Quand il se dresse devant nous par écrans interposés, depuis le porche d'une maison victorienne de Floride où il s'accorde quelques jours de vacances avant de rejoindre la France pour Quais du polar - dont il est l'un des invités d'honneur -, on sent que se remémorer la période du premier Mitch le plonge dans la nostalgie. Petit avocat du Mississippi se rêvant écrivain, il vivait déjà avec Renee, sa compagne de toujours. Le succès immédiat de La Firme lui permit de quitter son travail. Celui qui est aujourd'hui l'un des plus gros vendeurs de livres aux États-Unis préfère le « on » au « je », car comme Columbo il associe souvent sa femme. Un Columbo version américano-proprette - chemise blanche et regard azur - qui répond avec humilité à nos questions.

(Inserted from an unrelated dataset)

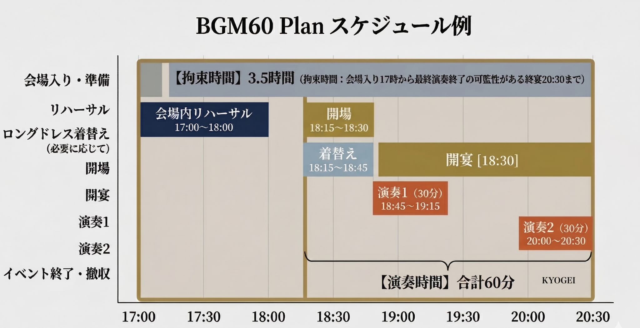 ※拘束時間、セッティング音出し時間60分確保、ロングドレスの場合の着替え時間の確保が可能なスケジュールであれば、上記スケジュール例にかかわらず様々な生演奏演出が可能です。
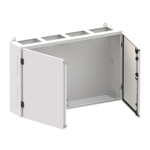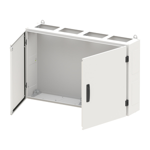 Wandschrank, Baureihe TwinLine, Leerschrank, Anbaumöglichkeit: seitlich und unten, Montageart: Aufputz, für den Innenbereich, mit Tür, Schutzklasse I (geerdet), Schutzart IP55, geltende Normen: DIN EN 61439-1, VDE 0660-600-1, DIN EN 61439-2, VDE 0660-600-2, DIN EN 61439-3, VDE 0660-600-3, IK-Code IK08, pulverbeschichtet, in RAL 7035, Gehäuse aus Stahlblech, Doppeltür, Tür aus Stahlblech, mit Standardverschluss Doppelbart 3 mm, Türöffnungswinkel 180 Grad, Türanschlag rechts und links, Rückwand aus Stahlblech, Leitungseinführung oben über Flanschöffnung ausgeschnitten, unten über Flanschöffnung vorgeprägt, seitlich über Flanschöffnung vorgeprägt, Abmessungen in mm (H x B x T): 650 x 1050 x 225, Rasteinheit 4 RE, Bauhöhe 0, Feldbreite 4, Platzeinheiten 192, vorbereitet für den Ausbau mit Zähler-, Verteilerfelder, Kombi-Sets, CombiLine-Module oder Montageplatten auf EDF-/WR-Montagegerüst

LA TRIBUNE DIMANCHE - Pourquoi avoir attendu trente ans avant de retrouver Mitch McDeere ?

JOHN GRISHAM - Mitch n'a jamais été bien loin, mais j'attendais la bonne histoire et une disponibilité d'esprit pour m'y consacrer. Après le succès de La Firme, j'ai écrit plus d'un nouveau roman par an, j'avais tellement d'histoires à raconter ! Tout s'est aligné quand un ami avocat m'a parlé d'un dossier qu'il avait traité entre la Libye et une entreprise de construction turque...

Le succès de La Firme tient beaucoup à celui du film avec Tom Cruise. Est-ce que l'adaptation cinématographique a changé votre regard sur votre propre livre ?

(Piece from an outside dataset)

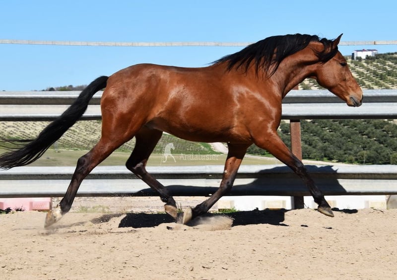 Carattere amabile, curioso, montato ai passo, alto, buone andature e genealogia di qualità. Genealogia: Escalera, Yeguada Militar. Il nonno Obcecado è qualificato. www.elegante-andalusier.com

Pour moi, Mitch McDeere sera toujours Tom Cruise. Quand je pense au personnage, je n'arrive même plus à me souvenir de l'image que j'en avais quand je l'ai écrit. Dès qu'ils ont acquis les droits, les producteurs voulaient Tom Cruise. Et ils l'ont eu. C'était fou, car il était si populaire à l'époque. Il l'est encore. Et semble toujours avoir 30 ans ! Pour être franc, c'est un peu grâce lui que j'ai pensé à une suite. Un soir, dans la cuisine, je discutais avec ma femme, Maverick venait de sortir au cinéma et avait encore plus de succès que Top Gun. On s'est dit que s'il y avait une suite à La Firme, ça pourrait marcher.

Savez-vous si Tom Cruise a lu Le Réseau ?

On le lui a évidemment envoyé, un peu avant sa parution en octobre aux États-Unis. On a entendu qu'il le lisait. Et puis... plus rien. Tom Cruise et moi nous sommes croisés quelques fois. Il m'a toujours salué amicalement, mais nous n'avons pas gardé contact. La seule certitude, c'est que s'il a envie de reprendre le rôle de Mitch, le film existera.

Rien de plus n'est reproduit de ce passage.